Medieval Usage
Usage of the term in the Latin West changed as the Middle Ages progressed, but its connotation remained negative and its exact definition continued to be unclear. In an 8th century polemical work, John of Damascus criticized the Saracens as followers of a false prophet and "forerunner to the Antichrist." Two centuries later, Europeans perceived Saracens as poor, uneducated idolaters belonging to a group wholly separate from the Arabs who brought Aristotle to the Latin West and the Moors and Berbers fighting Christians in Spain; someone who got all of his or her information on Islam from medieval sources would not conclude the three groups represented one continuous culture.

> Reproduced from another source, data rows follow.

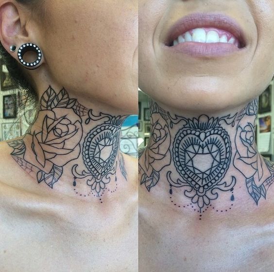 Le désir d'utiliser un tatouage sur le cou est principalement observé chez les jeunes. La partie la plus ouverte et la plus visible du corps est le cou, elle est donc souvent choisie pour cette procédure. Les filles sont très disposées, et les gars se font souvent tatouer dans cette zone. La différence est que chacun de nous a son propre monde intérieur et ses désirs les plus profonds, ce qui se reflète souvent dans les dessins de tatouage. Il arrive que les personnes qui décident de se faire tatouer fassent l'objet de différentes critiques et ce processus peut être sans fin. Quoi qu'il en soit, un dessin spectaculaire, comme une œuvre d'art, a la capacité de captiver et de riveter nos yeux.
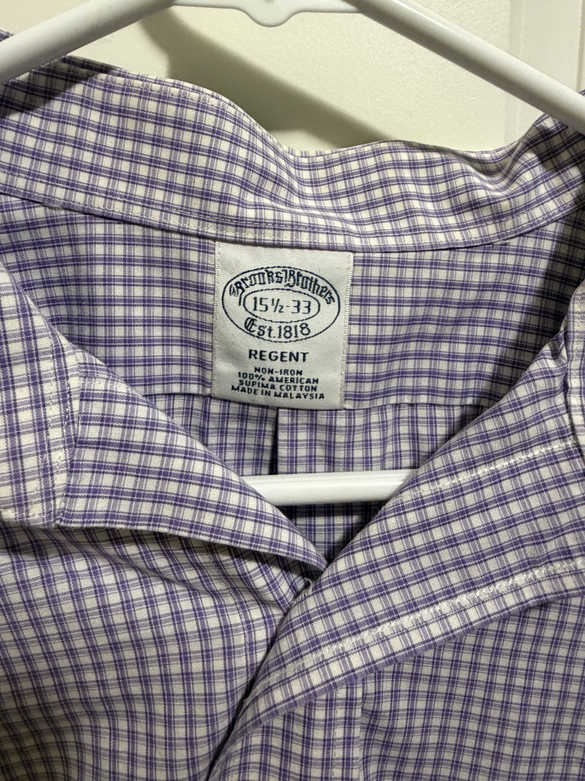 Brooks Brothers Regent Non-Iron Dress Shirt 15.5-33 Purple Check Cotton
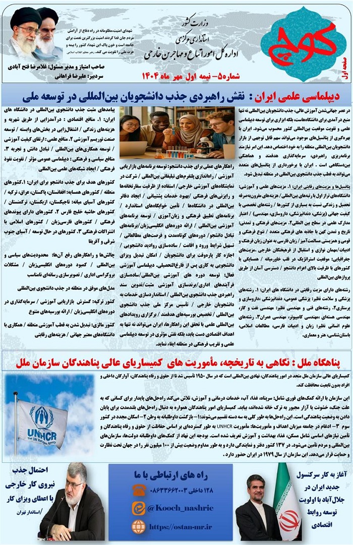 پنجمین شماره نشریه کوچ، توسط دفتر امور اتباع و مهاجرین خارجی استان مرکزی منتشر گردید.
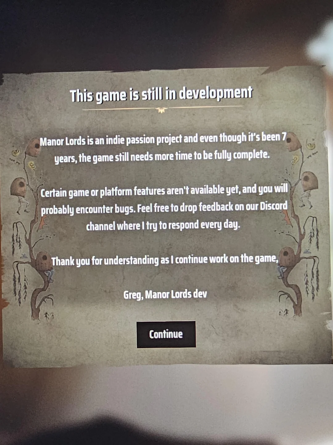Manor Lords привлекла сообщество Cities Skylines 2 подходом к запуску: игрокам в раннем доступе предлагают работающий проект, при этом разработчик ещё и предусмотрел табличку-оповещение о том, что «игра всё ещё в разработке» и поэтому некоторые функции не представлены и могут встречаться какие-нибудь баги.
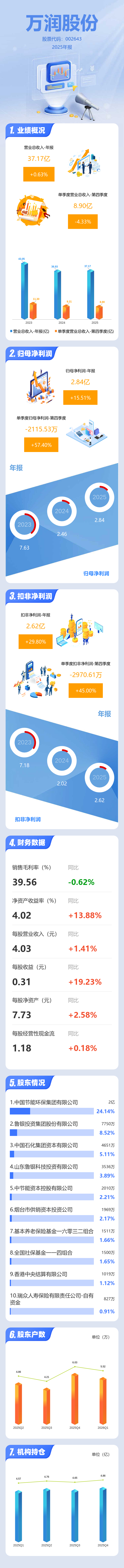 证券之星消息,万润股份2025年年报显示,当年度公司主营收入37.17亿元,同比上升0.63%;归母净利润2.84亿元,同比上升15.51%;扣非净利润2.62亿元,同比上升29.81%;其中2025年第四季度,公司单季度主营收入8.9亿元,同比下降4.34%;单季度归母净利润-2115.53万元,同比上升57.41%;单季度扣非净利润-2970.61万元,同比上升45.01%;负债率26.03%,投资收益-466.56万元,财务费用777.74万元,毛利率39.56%。

Read more about this topic: Saracen
Famous quotes containing the words medieval and/or usage:
“Our medieval historians who prefer to rely as much as possible on official documents because the chronicles are unreliable, fall thereby into an occasionally dangerous error. The documents tell us little about the difference in tone which separates us from those times; they let us forget the fervent pathos of medieval life.”
—Johan Huizinga (18721945)
“Pythagoras, Locke, Socratesbut pages
Might be filled up, as vainly as before,
With the sad usage of all sorts of sages,
Who in his life-time, each was deemed a bore!
The loftiest minds outrun their tardy ages.”